Exercise | Reproduce, word for word, the lines in the material below starting with the one that has "Una eventuale area" and going on through the one that has "Δίπτυχη κάρτα αρίθμησης". Leave out all pictures.

Entries shown |
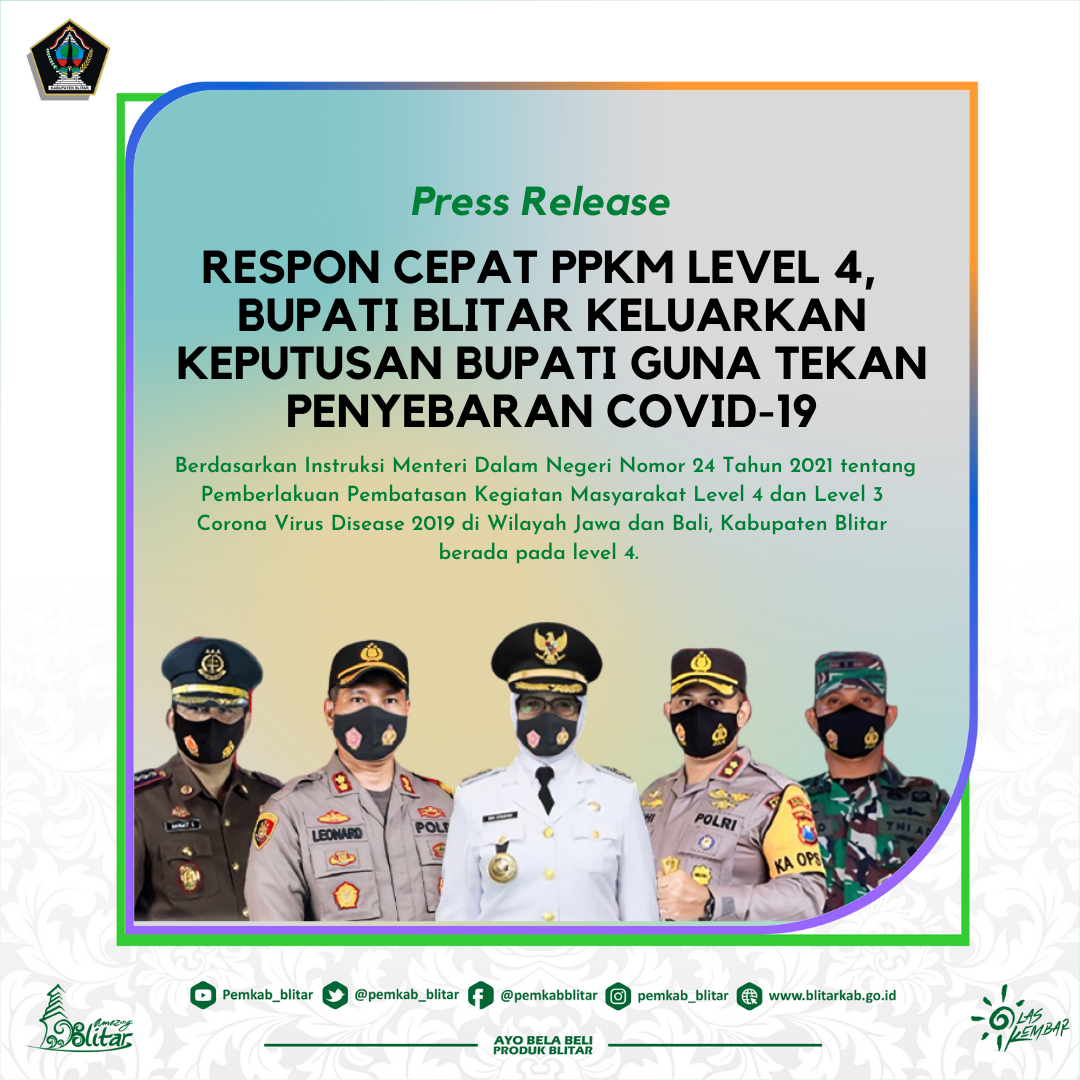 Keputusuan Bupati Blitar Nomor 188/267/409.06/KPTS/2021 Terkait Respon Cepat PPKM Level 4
...
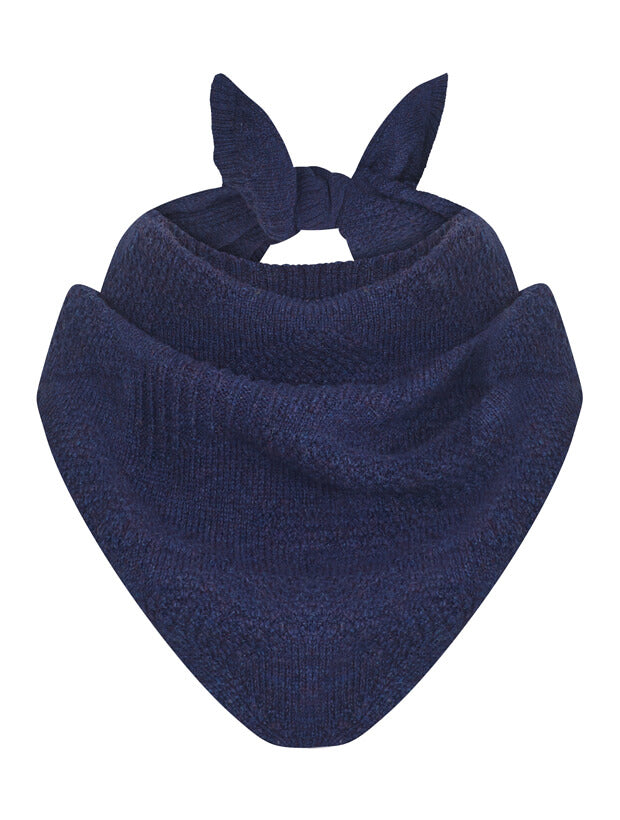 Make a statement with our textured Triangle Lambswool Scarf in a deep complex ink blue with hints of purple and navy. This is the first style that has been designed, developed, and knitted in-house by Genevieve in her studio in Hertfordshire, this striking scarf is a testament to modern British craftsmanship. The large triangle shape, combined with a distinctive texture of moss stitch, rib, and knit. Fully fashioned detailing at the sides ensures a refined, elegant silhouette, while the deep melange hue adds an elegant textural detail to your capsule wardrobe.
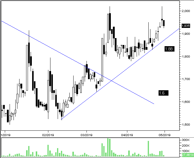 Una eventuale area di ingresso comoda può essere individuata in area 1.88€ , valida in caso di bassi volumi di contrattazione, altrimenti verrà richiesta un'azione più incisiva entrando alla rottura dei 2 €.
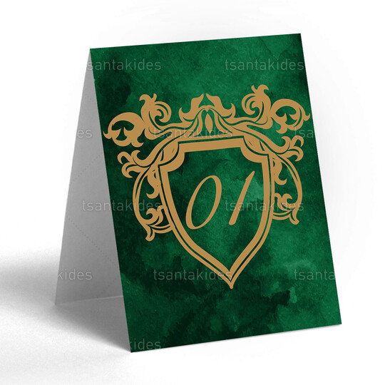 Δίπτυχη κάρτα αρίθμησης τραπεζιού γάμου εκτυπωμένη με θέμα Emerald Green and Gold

Reply to the task |
 Una eventuale area di ingresso comoda può essere individuata in area 1.88€ , valida in caso di bassi volumi di contrattazione, altrimenti verrà richiesta un'azione più incisiva entrando alla rottura dei 2 €.
 Δίπτυχη κάρτα αρίθμησης τραπεζιού γάμου εκτυπωμένη με θέμα Emerald Green and Gold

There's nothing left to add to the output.